Up until a few years ago, we used to think of the internet as being delivered to us using BT’s phone lines. Your Internet Connection made use of your ordinary phone line to send data to and from your home. But the change in emphasis has crept gradually over us all, and now the internet connection is the main consideration, and the ‘phone’ part of the phone line is secondary. It has almost become a convenience term. “Home phone line” is now optional on forms, rather than compulsory. Most people will only put their mobile number as a contact method. After all, it’s more convenient, and people have it with them all the time.

As customer requirements, general trends and public knowledge have changed, so has how we use the national network. The change BT is planning is actually just a natural extension of how we all behave.

You might exclaim “nobody asked me!” in fact, we have all been asking it from BT for years. Roughly 90% of new house builds in the UK last year came ready-equipped with a fibre connection. Nearly half of all UK homes have a streaming service for watching TV, and over half have some form of internet-connected ‘smart device’. How often does your internet connection get used, compared with your home phone (if you even have a home phone)?
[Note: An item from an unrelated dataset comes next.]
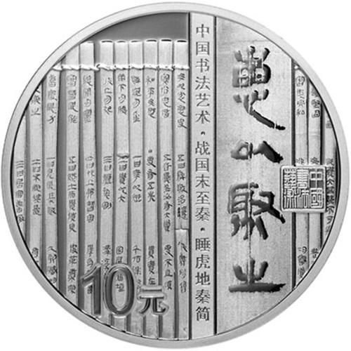 “睡虎地秦墓竹简”30克银币,以睡虎地秦墓竹简中“惠以聚之”四字作为突出表现的主体图案,将竹简的精彩局部作为背景。币面中线偏右处刊主题文字“中国书法艺术·秦·睡虎地秦墓竹简”。

As you can guess, this results in a massive amount of data. Downloading a film, apps updating on your mobile phone, checking up on your chickens on your farm simulator. It all takes data.

It was inevitable that change would be required. The BT network was built and conceived at a time when transferring data packets wasn’t even conceived of. It isn’t that the network isn’t fit for purpose. It is. It just isn’t being used for the purpose it was designed for.

And so, regarding making and receiving phone calls, BT is now facing a fundamental change in how it operates.

We will no longer have the option of having a phone line into our home. We will have an internet connection. Which, let’s face it, is how we all really think about it, whether we admit it or not.

It would be interesting to know the last time a phone line was installed that didn’t also deliver internet!

One of the problems with the old network is simply maintenance. The old equipment is out-dated. Some of it dates from the 19th century. Engineers simply don’t train to install and repair it any more, and the ones that did have all reached, or are reaching, retirement age. Equipment is no longer available, and spare parts have long since left the shelves.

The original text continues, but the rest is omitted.